Para já, as previsões para Sábado dia 6, são bastante animadoras para quem anda de desejos de chuva.

GFS:







Wetteronline:







Avante com ela!


----------



## vitamos (1 Set 2008 às 16:50)

AnDré disse:


> *Avante* com ela!



Se cair no Seixal é caso para dizer LITERALMENTE! Até Sábado ainda falta muito, mas caramba se não vai sobrar qualquer coisinha! A acompanhar...


----------



## miguel (1 Set 2008 às 18:23)

Esta chuvinha não vai fugir é uma frente fria apenas pode tirar um pouco mas como pode meter mais  faltar chuva para mim é impossível com este cenário para Sábado


----------



## Perfect Storm (1 Set 2008 às 18:45)

*Alterações para os proximos dias!!*

Vamos iniciar o Setembro com uma brisa de Outono!!
Dia 4 uma amostra, dia 6 e 7 a valer
Assim diz a previsão do Freemeteo!! Pelo menos para os meus lados.
Cumprimentos a todos deste novato.

http://www.freemeteo.com/default.asp?pid=156&la=18&gid=2269709


----------



## Turista (1 Set 2008 às 19:15)

*Re: Alterações para os proximos dias!!*

segundo a RUN das 18h da CLIM@UA, na tarde de dia 4 haverá alguma precipitação... mas nada de especial...
Vamos a ver...


----------



## ACalado (2 Set 2008 às 00:09)

segundo mais uma saida do GFS podemos ter a primeira superficie frontal deste outono já no dia 6


----------



## miguel (2 Set 2008 às 00:33)

E atrás pode vir mais porque  o AA vai de férias!


----------



## Vince (2 Set 2008 às 00:34)

Ainda vejo isso bastante tremido entre uma frente a afectar Portugal com alguma intensidade ou apenas uma coisa superficial das que temos tido até agora, inclino-me mais para a última. 
O GFS como já é tradição rematava a situação a soltar uma cutoff sobre Portugal, o que de qualquer forma só daria festa para os espanhóis dada a localização. Entre uma coisa e outra vamos acho que vamos ficar pelo nosso usual "português suave".

*144 horas*


----------



## nimboestrato (2 Set 2008 às 06:36)

Vince disse:


> Entre uma coisa e outra vamos acho que vamos ficar pelo nosso usual "português suave".



Concordo, mas acrescento:
-Talvez a Noroeste ,mais uma vez ,haja a excepção desse "português suave".
Talvez as precipitações sejam já significativas nessa região na madrugada de sexta para sábado/sábado.Ainda faltarão inúmeras saídas dos modelos e incontáveis reajustamentos e/ou até diferenças.
Quanta precipitação irá chegar mais para o interior e mais para sul?
Talvez o lema seja o citado pelo Vince .
...E agora um momento de lazer nestas páginas:
- sim é verdade! De quando em vez, também podemos distrair-mo-nos com coisas divertidas que por momentos nos abstrai das exigências com que no dia a dia somos confrontados:
Então aqui vai: 






[/URL][/IMG]

Pois é: Grande delírio do GFS para daqui a 15 dias.
945 hPa  no centro!!!
Ena, que giro que é(ra).
P.S. : se por alguma coincidência em 17 de Setembro algo semelhante ocorrer
obviamente que não estará aqui quem escreveu tal.


----------



## Paulo H (2 Set 2008 às 09:37)

nimboestrato disse:


> Pois é: Grande delírio do GFS para daqui a 15 dias.
> 945 hPa  no centro!!!
> Ena, que giro que é(ra).
> P.S. : se por alguma coincidência em 17 de Setembro algo semelhante ocorrer
> obviamente que não estará aqui quem escreveu tal.

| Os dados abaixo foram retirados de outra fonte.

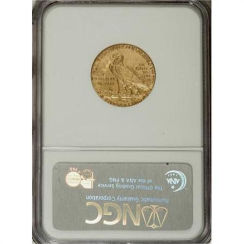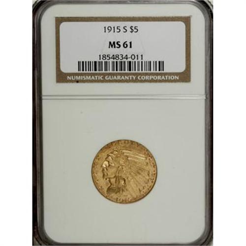 <B>1915-S $5 MS61 NGC.</B></I> Boldly struck with shimmering luster and deep orange-gold toning that yields to pleasing lilac accents near the border areas. Numerous small abrasions are seen on the reverse. According to Garrett and Guth (2006): "This date is very elusive in all grades, particularly so in Mint State, where approximately 250 coins are reported by NGC, ANACS, and PCGS together." <BR><BR><B>Coin Engraver:</B> Bela Lyon Pratt<BR><BR><b>Shipping:</b> Coins & Currency (<a target="_blank" href="http://www.heritageauctions.com/common/shipping.php">view shipping information</a>\)
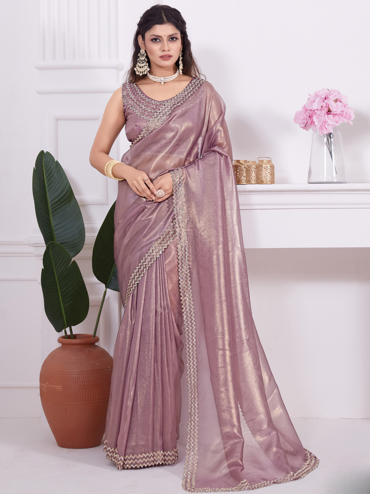 Onion Stunning Premium Metallic Organza Stone Work Saree
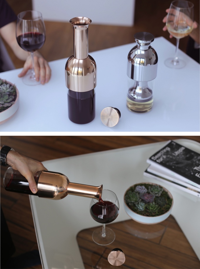 Una botella/decantador permitiría tener un vino durante 12 días en su interior sin que perdiese ninguna propiedad. Se trata de un planteamiento para buscar una solución a los hábitos de consumo de vino en las familias británicas realizado por Laithwaite que indica que una botella de vino les llega para el consumo en casa una semana, con lo cual se pierden muchas de sus propiedades.
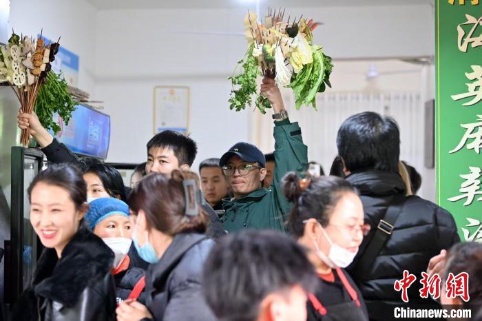 2024年3月14日,甘肅天水,游客手舉挑選的麻辣燙食材。九美旦增 攝
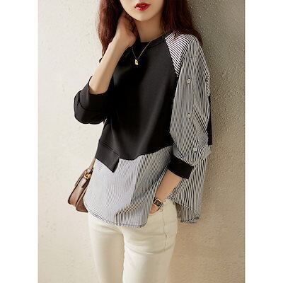 2024人気新作非対称ストライプステッチシルエットゆるい丸首ガードルジャケット女性
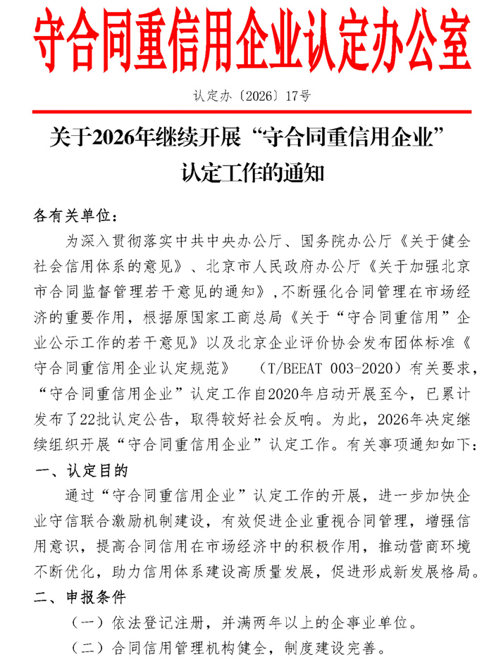 关于2026年继续开展守合同重信用企业评价工作的通知
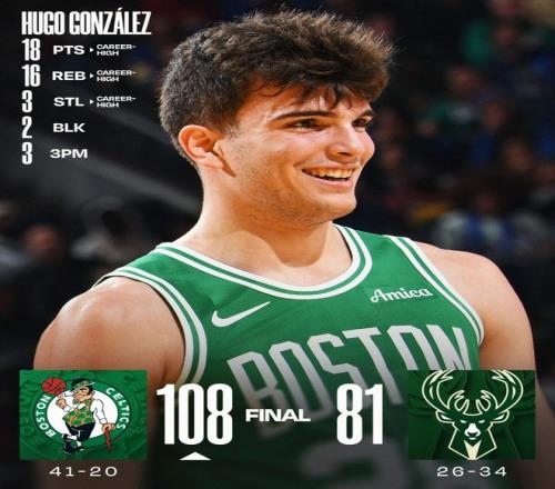 凯尔特人客场108-81大胜雄鹿,杰伦-布朗缺席,新秀雨果-冈萨雷斯顶上了首发。
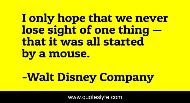 This page presents the quote "I only hope that we never lose sight of one thing — that it was all started by a mouse.". Author of this quote is Walt Disney Company. This quote is about enthusiasm, inspirational,.
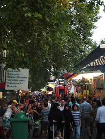 さっきのお店で食べたのはリエージュ風(liege)っていって、丸くてしっとりモチモチの食感。今回はブリュッセル風にしてみました。これは、サクサクカリカリの食感。これに、生クリームとかチョコとかフルーツをトッピングします。さっきチョコをなめすぎたので、今度はイチゴだけでさっぱりといただきます(4.50€)。…しかし、失敗。カリカリなので、やっぱりチョコとか生クリームとかで少し柔らかくなったとこをいただくのがベターだと思います…。ワッフル自体はそんなに甘くないので、これじゃ、煎餅の上にイチゴのっけて食べてんのと同じだわ…。
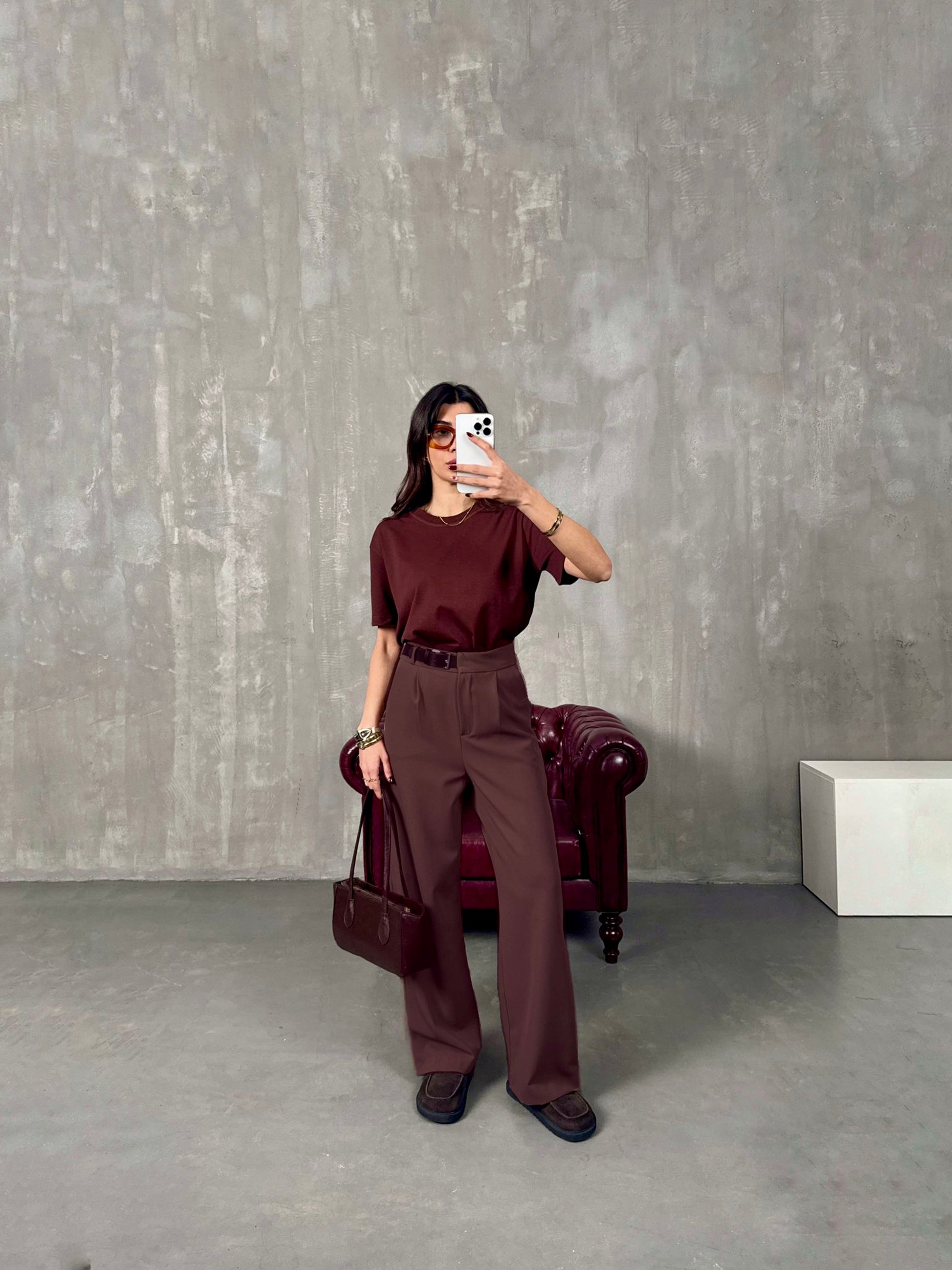 Unsere Elegante Hose mit integriertem Gürtel bietet einen geradlinigen Schnitt und eine high-waist Passform. Die Länge der Hose beträgt ca. 108cm.
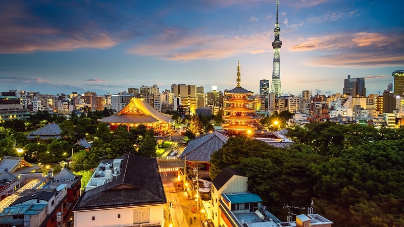 روز هفتم: گشت شهری توکیو شامل برج اسکای تری (ورودیه)، معبد آساکوسا، پل رنگین کمان و منطقه اودایبا (Odaiba)
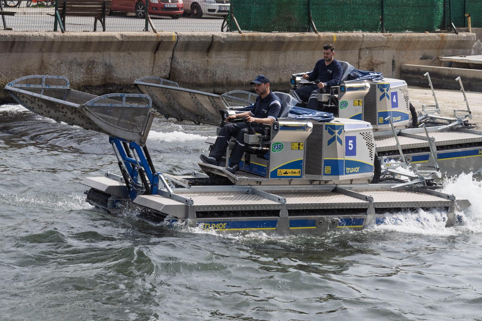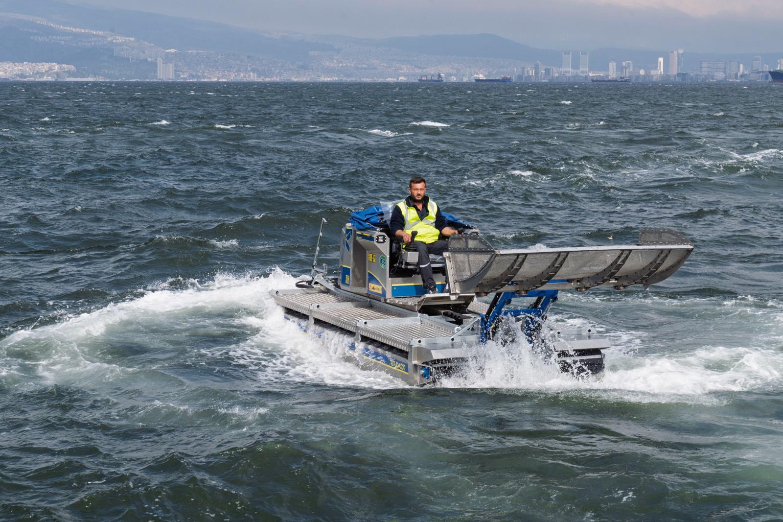 Denizde ve karada hareket edebilme özelliğine sahip olan bu araçlar, paletli yapıları sayesinde özellikle sığ kıyı alanlarında ve erişilmesi zor bölgelerde yüksek manevra kabiliyetiyle çalışabiliyor. Araçların ön kısmında bulunan süzgeç tipi kepçe sistemi, su yüzeyinde biriken deniz marulu ve benzeri organik materyallerin etkin biçimde toplanmasını sağlıyor. Toplanan materyaller daha sonra uygun yöntemlerle bertaraf edilerek çevreye yeniden karışmasının önüne geçiliyor. Bu araçların en önemli avantajlarından biri de, kıyıya yakın sığ alanlarda ve lagün benzeri bölgelerde karadan denize kesintisiz şekilde çalışabilmeleri ve temizlik faaliyetlerinin sürekliliğini sağlamaları.
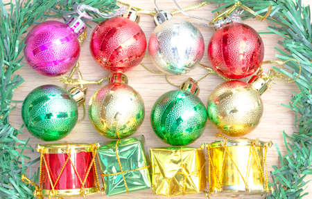 Christmas colorful collection, balls and decorative ornaments, on white wooden background.
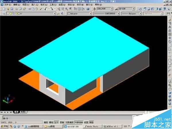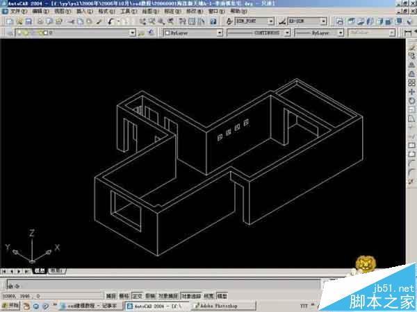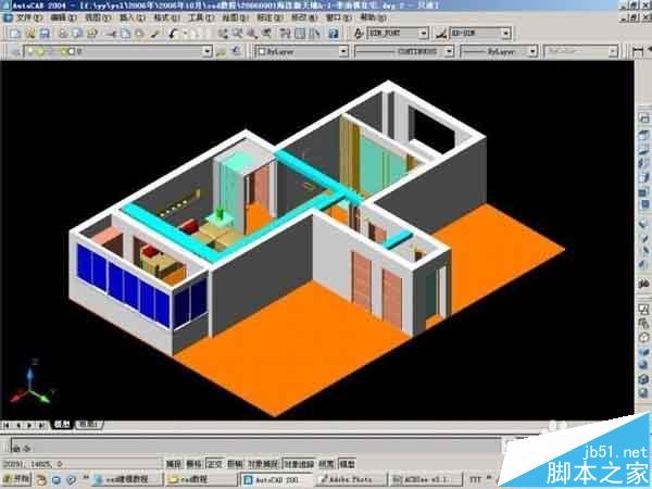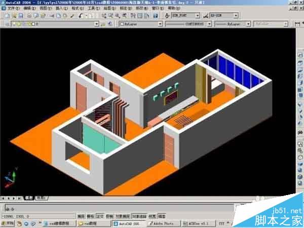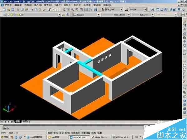 9、把1-吊顶图层隐藏掉,rr渲染命令后得到墙体、地面、及门窗的简单表图。

Possas.. Tive um deslumbramento ao observar a imagem.. Tou a ver o PM José Socrates a aconselhar as pessoas a sair das zonas costeiras e ribeirinhas a largarem os seus haveres e fugirem!

Que delírio!


----------



## Brunomc (2 Set 2008 às 09:54)

> Possas.. Tive um deslumbramento ao observar a imagem.. Tou a ver o PM José Socrates a aconselhar as pessoas a sair das zonas costeiras e ribeirinhas a largarem os seus haveres e fugirem!
> 
> Que delírio!



mas isso é algum furacão ??


----------



## Brunomc (2 Set 2008 às 12:05)

ja viram a previsão do IM para sexta-feira 

Céu geralmente muito nublado.
Períodos de chuva, que poderão ser fortes nas regiões Norte e
Litoral Centro onde há a possibilidade de trovoadas, passando a
aguaceiros.
Vento moderado (15 a 35 km/h) de sudoeste, soprando forte a muito
forte (40 a 60 km/h) com rajadas de 90 km/h nas terras altas.
Pequena subida da temperatura mínima e pequena descida da
temperatura máxima.


----------



## ACalado (2 Set 2008 às 13:05)

Penso que a precipitação não irá fugir resta saber qual será a sua itensidade....


----------



## algarvio1980 (2 Set 2008 às 13:10)

Aqui, no Algarve tenho sérias dúvidas que ocorra qualquer precipitação, tenho saudades do ano passado, este outono cheira-me a seca


----------



## shaleim (2 Set 2008 às 14:33)

Concordo em absoluto com o Algarvio1980. Lembro-me que no ano passado o início de Setembro ficou marcado por alguns dias de trovoadas, algumas espectaculares e mesmo assustadoras. Aliás recordo-me que a convecção era tão forte (não sei se é o termo mais correcto), que em poucas horas formava-se uma tempestade.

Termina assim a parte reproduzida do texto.